When BlackRock moved almost $100 million worth of Bitcoin [BTC] and ether [ETH] for Coinbase, the immediate reaction was fear of a sell-off. However, it’s not that simple.
The company deposited 930 BTC worth $65.48 million and 12,687 ETH worth $27.75 million into Coinbase, with more deposits likely.


However, these transfers are most likely part of ETF operations, where assets are routinely shifted between cold storage and exchanges to manage inflows, outflows and rebalancing.
Rather than signaling a dump, this reflects how major institutions operate in crypto today.
But even if the intent is not bearish, the short-term effect can still be negative. When large amounts of crypto are moved to exchanges like Coinbase Prime, it increases the chances of selling.
This increases pressure on prices and can lead to panic or rapid declines, especially if the market is already in the ‘Extreme Fear’ zone.
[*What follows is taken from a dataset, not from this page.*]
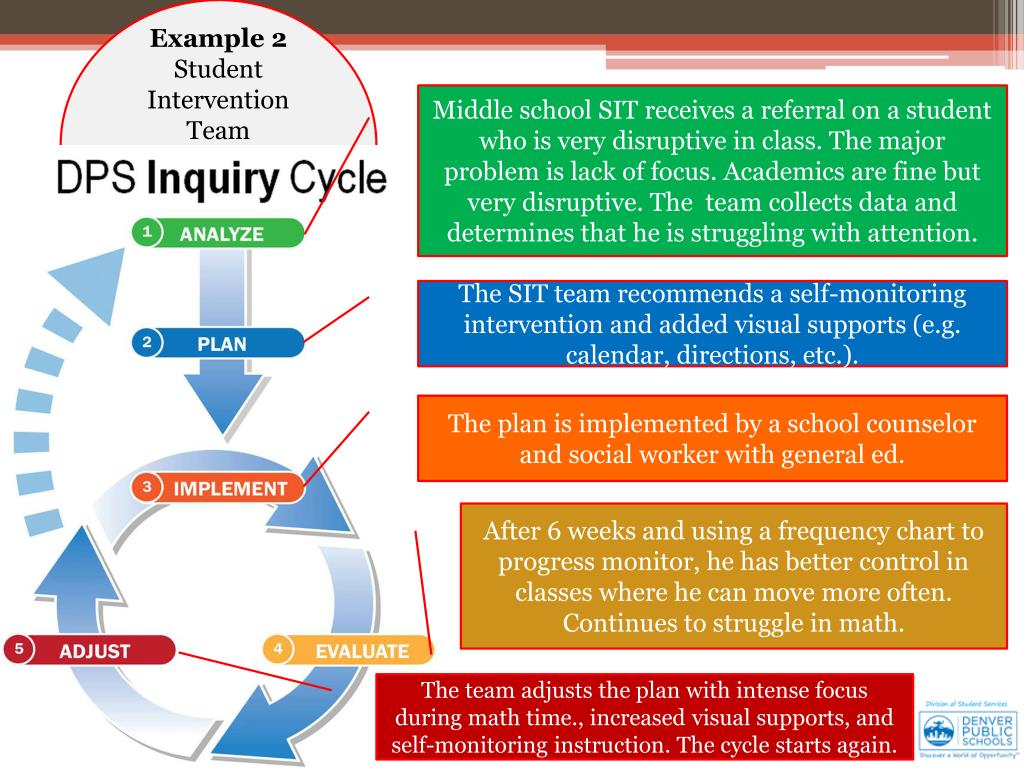 Example 2 Student Intervention Team Middle school SIT receives a referral on a student who is very disruptive in class. The major problem is lack of focus. Academics are fine but very disruptive. The team collects data and determines that he is struggling with attention. The SIT team recommends a self-monitoring intervention and added visual supports (e.g. calendar, directions, etc.). The plan is implemented by a school counselor and social worker with general ed. After 6 weeks and using a frequency chart to progress monitor, he has better control in classes where he can move more often. Continues to struggle in math. The team adjusts the plan with intense focus during math time., increased visual supports, and self-monitoring instruction. The cycle starts again.

When should you actually worry?
Needless to say: one transfer alone isn’t a huge red flag, but it does become worrisome when a pattern forms. This pattern includes repeated large deposits, consistent ETF outflows, and price declines on high volumes.
If these signals appear together, it could indicate real institutional selling pressure. Simply put, for now the market may just be cautious and not panicking.
Institutions like BlackRock adjust their positions while retail traders react quickly to price movements, creating an unstable market.
Market trends are difficult and everywhere
Even though BlackRock shares are strongCrypto prices have fallen. At the time of writing, Bitcoin was down around 4%, with Ethereum even lower more.
In fact, prices move up and down quickly, evidence of short-term emotional trading rather than long-term confidence.
Ethereum in particular has seen sharp swings due to leveraged transactions. Indicators such as RSI show that even small rallies do not last long.


Furthermore, the MVRV ratio showed that the market was stuck in a cycle, where prices rose briefly, traders took profits and prices fell again. In fact, neither buyers nor sellers seemed to be in control of the situation.


Additionally, BlackRock’s Bitcoin ETF (IBIT) traded at $33.9 million on March 18 outflowending a seven-day inflow streak, while the Ethereum ETF (ETHA) included a smaller outflow of $1.3 million.
These amounts may seem small, but likely explain why BlackRock moved assets to Coinbase to sell them and meet investor withdrawals.
Not the first time…
This is not new. A similar move took place in December 2025 when more than $125 million worth of Bitcoin was sent to Coinbase under the same circumstances. So this isn’t panic selling, it’s just a response to investors pulling money out.
Instead of guessing whether BlackRock is bullish or bearish, the most important thing to look at is the ETF outflows. If the pullbacks continue, selling pressure in the market is likely to continue.
Final summary
- BlackRock’s $100 million transfer isn’t a panic sell, but a market move driven by ETF inflows and outflows.
- Until demand returns, ETF-driven selling pressure will likely keep markets depressed.